Microscopic analysis of fusion hindrance in heavy systems

Abstract: Background: Heavy-ion fusion reactions involving heavy nuclei at energies around the Coulomb barrier exhibit fusion hindrance, where the probability of compound nucleus formation is strongly hindered compared with that in light- and medium-mass systems. The origin of this fusion hindrance has not been well understood from a microscopic point of view. Purpose: Analyze the fusion dynamics in heavy systems by a microscopic reaction model and understand the origin of the fusion hindrance. Method: We employ the time-dependent Hartree-Fock (TDHF) theory. We extract nucleus--nucleus potential and energy dissipation by the method combining TDHF dynamics of the entrance channel of fusion reactions with one-dimensional Newton equation including a dissipation term. Then, we analyze the origin of the fusion hindrance using the properties of the extracted potential and energy dissipation.

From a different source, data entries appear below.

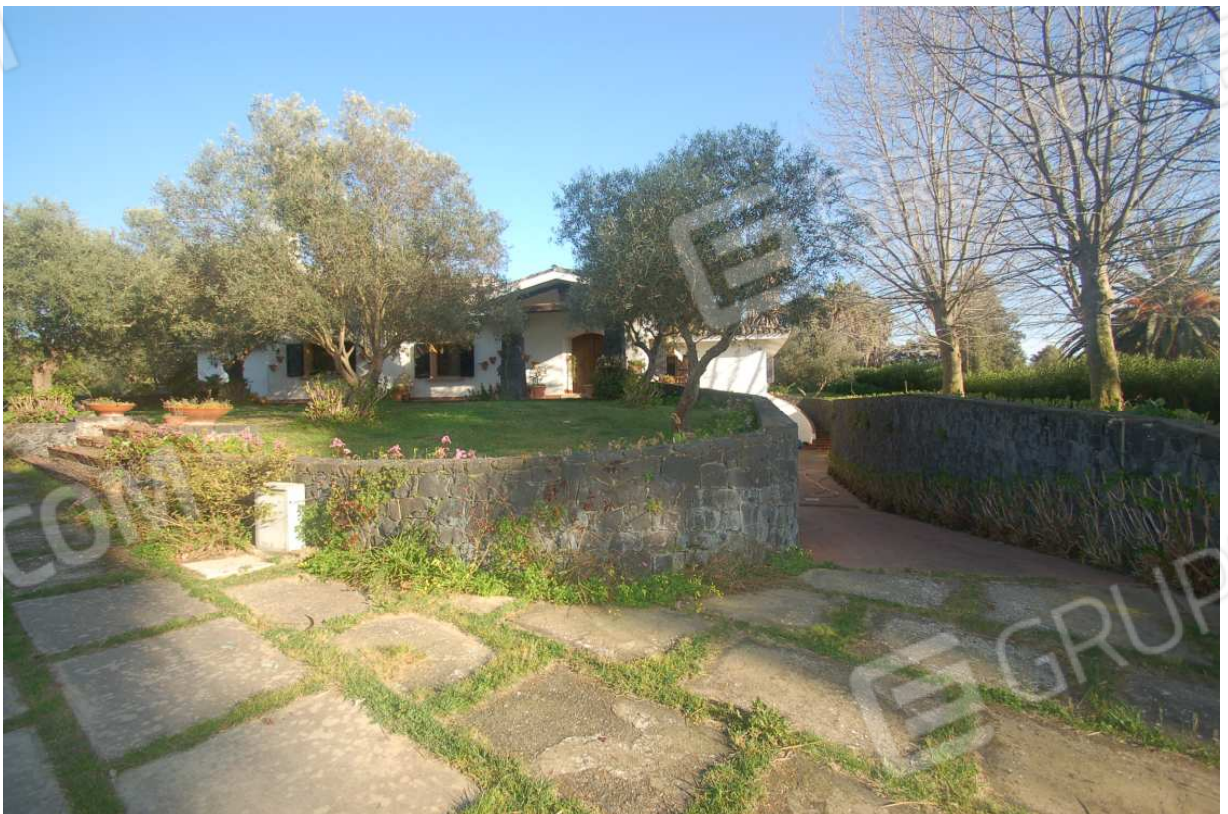
VISTA 16: Scorcio fabbricato e rampa accesso scantinato - Lato Nord-Ovest
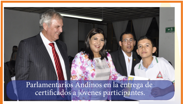
Parlamentarios Andinos en la entrega de certificados a jóvenes participantes.

Por estas y muchas otras razones, Ibagué se consolidó como un epicentro de convivencia, progreso y paz, mostrando que a pesar de haber sido golpeada históricamente por la violencia y el conflicto armado que azota a nuestra hermana República de Colombia, sigue convirtiéndose en un espacio para la promoción y protección de los derechos humanos y la paz.
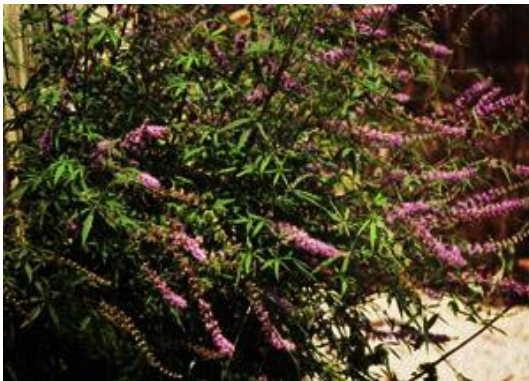
Aloc Vitex agnus-castus

Tipus: arbustiva Floració: - Reg: baix o moderat Insolació: sol o mitja ombra
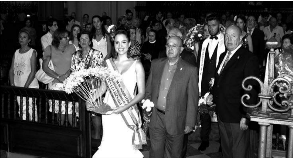
La Reina de la Biznaga, como es tradicional, ofreció jazmines.
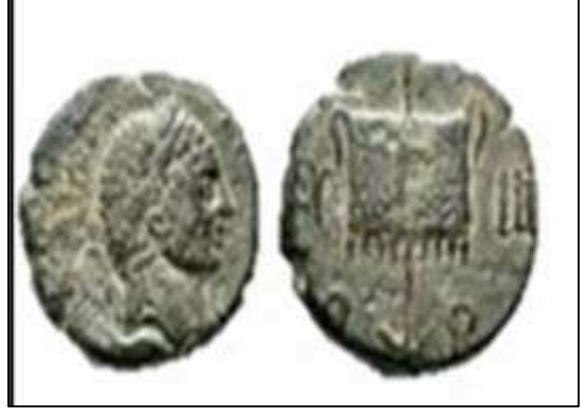
الصورة 13: مسكوكة من إصدار يعود لمدينة رأس العين بسورية. (كيوان، 2016، 20)
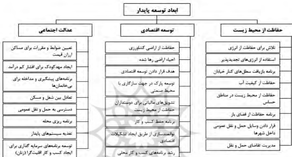
شکل ۱. ابعاد توسعه پایدار

کس ۵ معتقد است توسعه پایدار روندی است که بهبود شرایط اقتصادی، اجتماعی، فرهنگی و فن‌آوری به سوی عدالت اجتماعی را دنبال می‌کند و در جهت جلوگیری از آلودگی اکوسیستم و تخریب منابع طبیعی گام برمی‌دارد (تقوایی و صفربادی، ۱۳۹۲: ۶). ترنر ۶ نیز بر این باور است که توسعه پایدار شهری می‌کوشد تا
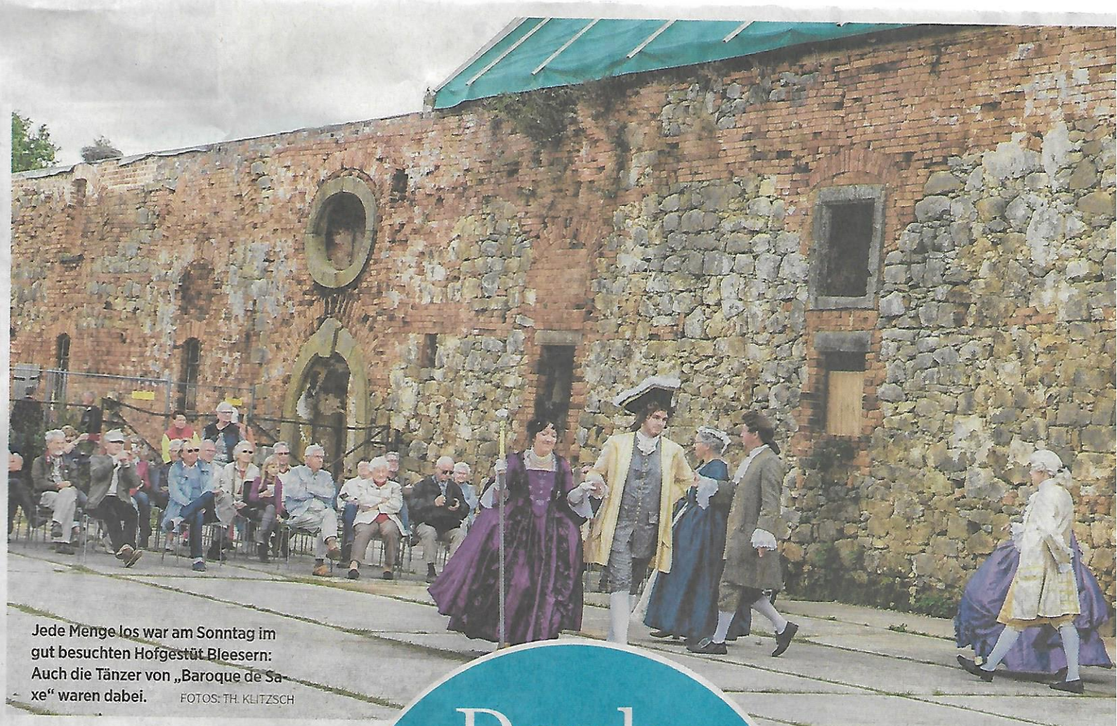
Jede Menge los war am Sonntag im gut besuchten Hofgestüt Bleesern: Auch die Tänzer von „Baroque de Saaxe“ waren dabei.
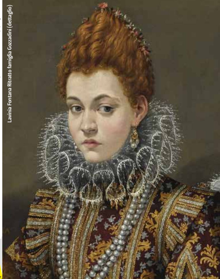
Lavinia Fontana Ritratto famiglia Gozzadini (dettaglio)
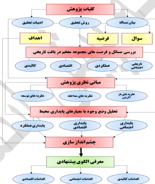
شکل ۱: مدل مفهومی پژوهش

بخش دیگر به سنجش نظر مدیران در ارتباط با نقش ها و عملکردهایی که این آثار می تواند به خود بگیرد پرداخت تا بتوان به بررسی پذیرش نقش این آثار در محرک توسعه پرداخت. بنابراین تعداد ۳۰ پرسشنامه از سه نهاد استانداری خراسان شمالی، سازمان مدیریت و برنامه ریزی استان و شهرداری بجنورد و به شکل طبقه بندی شده از سطوح مدیریتی توسط مدیران تکمیل شد. در مرحله نخست، شرایط و اطلاعات موجود مورد بررسی و تحقیق قرار گرفت و با استفاده از نتایج بدست آمده از مطالعات اسنادی، برداشت های میدانی و نتایج پرسشنامه ها، با تکنیک سوات، نقاط، ضعف، قوت، فرصت ها و تهدیدهای پیش رو شناسایی شدند. با تحلیل جدول SWOT به شناسایی راهبردها با قالب رویکرد بازآفرینی شهری و اولویت راهبردها با امتیاز دهی با روش QSPM پرداخته شد و سپس اقدامات اجرایی در سه قالب مدیریتی، اجتماعی و کالبدی برای احیاء مجموعه مفخم در راستای تحریک توسعه تعریف شد. در تصویر شماره یک مدل مفهومی پژوهش معرفی می گردد.
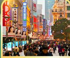
เดินเล่นถนนหนานจิง
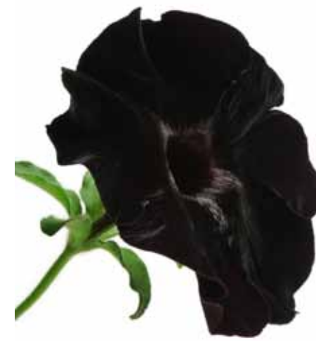
Petunien sind immer wieder eine Überraschung wert: Die samt-schwarzen Blüten von 'Black Velvet' stehen in intensivem Kontrast zur lieblichen Farbkombination die uns 'Surprise Lemon Pink' zeigt. (beide von Florensis/Ball)

Von beeindruckender Farbenpracht und Wüchsigkeit haben sich die Kombinationen der bekannten und beliebten 'Confetti®'-Serie erwiesen. Hier eine ganz neue Zusammenstellung namens 'Nightlights', einfach toll! (Redfox/Dümmen)
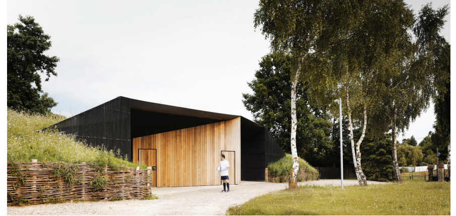
Pôle sportif de Forges-les-Bains, livré en 2013

Results: Extracted potentials show monotonic increase as the relative distance of two nuclei decreases, which induces the disappearance of an ordinary barrier structure of the potential. This is different from those in light- and medium-mass systems and from density-constraint TDHF calculations. Extracted friction coefficients show sizable energy dependence and universal value of their magnitude, which are rather similar to those in light- and medium-mass systems. Using these properties, we analyze the origin of the fusion hindrance and find that contribution of the increase in potential to the extra-push energy is larger than that of the accumulated dissipation energy in most systems studied in this article. Conclusions: By the analysis of the origin of the fusion hindrance, we conclude that, as the system becomes heavier, the dynamical increase in potential at small relative distances plays a more important role than the dissipation during the fusion reaction for understanding the origin of the fusion hindrance.